- Opening Delimiter -

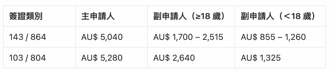 新財年起,包括 143、864、173、884、103 和 804 類別在內的多個父母簽證,其申請費用普遍上調約 3%。主申請人與副申請人的費用如下:
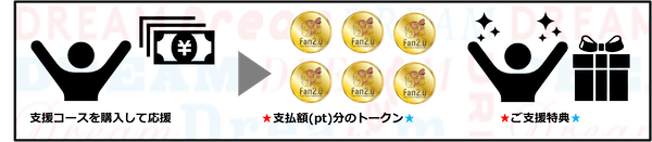 クリエイターは支援を募る目的でトークンを販売し、その収益を支援金として受け取ります。購入者は支援の証として購入額に応じた数量のトークンを受け取ります。トークンを持ち続ける(=保有する)ことで、支援を続けながら、コミュニティを通じて保有数に応じた投票権や抽選特典が受けられます。
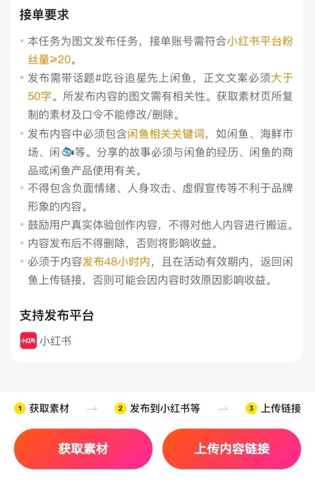 仅需具备20个有效关注者即具备操作基础,日常碎片化时间即可完成基础任务接取。
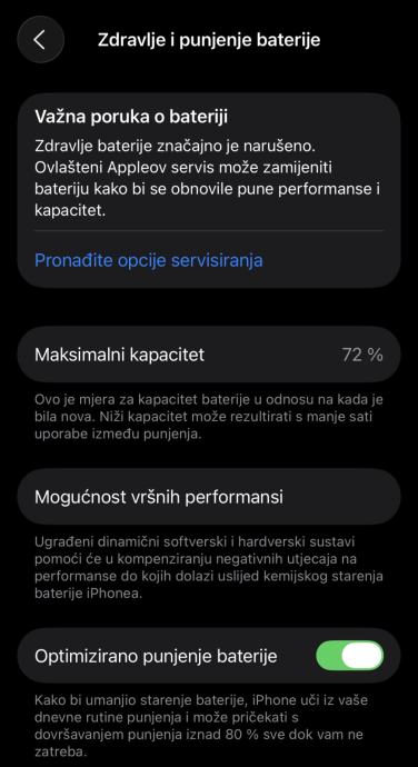 Zdravlje baterije 72% - u praksi aktivno korištenje 7-8h bez potrebe za punjenjem.
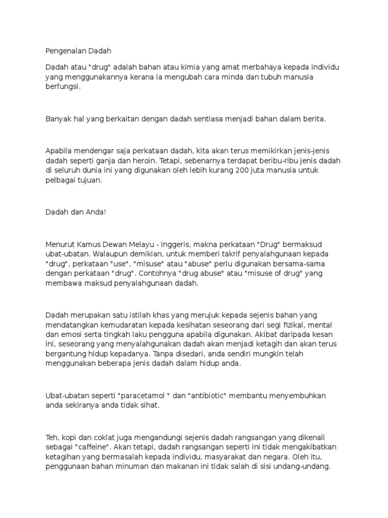 Jenis Dadah Dan Kesannya Pdf Document
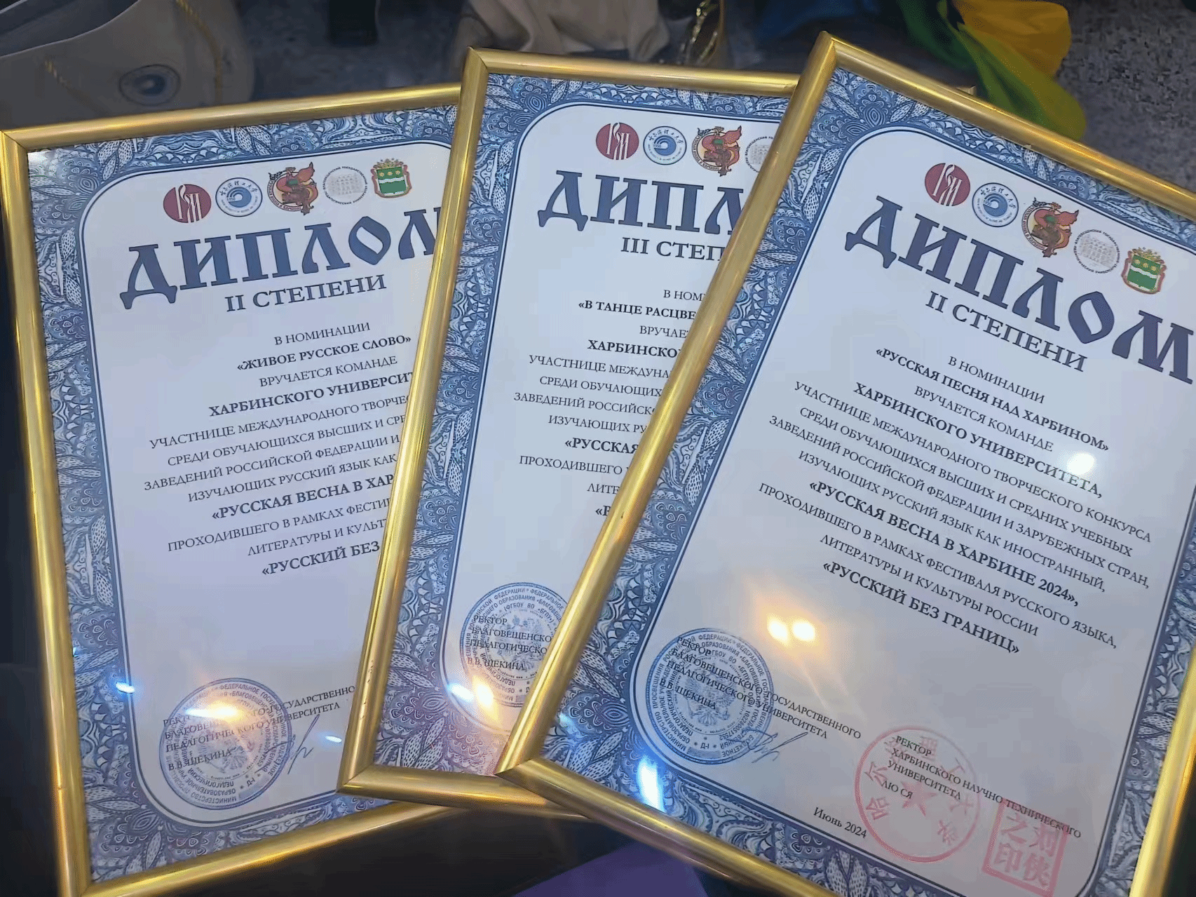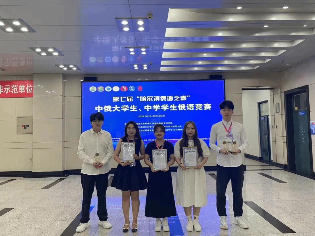 我校学子在俄语外教娜塔莉亚和达俐燃的指导下,再创佳绩,共斩获3个奖项。具体获奖情况如下:俄语专业2021级学生蒋岩岩凭借朗诵作品《Любочка》获得俄语朗诵二等奖;俄语专业2021级学生蒋岩岩、翟卓和俄语专业2022级学生刘阳在俄罗斯歌舞《Матрёшечки》中荣获二等奖;俄语专业2022级学生刘阳和赵洋表演的舞蹈《В. Сюткин “7 тысяч над Землёй”》获得三等奖。

- Closing Delimiter -

TASK ITEM » Take the line containing "クリエイターは支援を募る目的" as the first and the last line of the records as the end. Print every line in that span exactly, leaving out pictures.

TASK RESPONSE »
 クリエイターは支援を募る目的でトークンを販売し、その収益を支援金として受け取ります。購入者は支援の証として購入額に応じた数量のトークンを受け取ります。トークンを持ち続ける(=保有する)ことで、支援を続けながら、コミュニティを通じて保有数に応じた投票権や抽選特典が受けられます。
 仅需具备20个有效关注者即具备操作基础,日常碎片化时间即可完成基础任务接取。
 Zdravlje baterije 72% - u praksi aktivno korištenje 7-8h bez potrebe za punjenjem.
 Jenis Dadah Dan Kesannya Pdf Document
 我校学子在俄语外教娜塔莉亚和达俐燃的指导下,再创佳绩,共斩获3个奖项。具体获奖情况如下:俄语专业2021级学生蒋岩岩凭借朗诵作品《Любочка》获得俄语朗诵二等奖;俄语专业2021级学生蒋岩岩、翟卓和俄语专业2022级学生刘阳在俄罗斯歌舞《Матрёшечки》中荣获二等奖;俄语专业2022级学生刘阳和赵洋表演的舞蹈《В. Сюткин “7 тысяч над Землёй”》获得三等奖。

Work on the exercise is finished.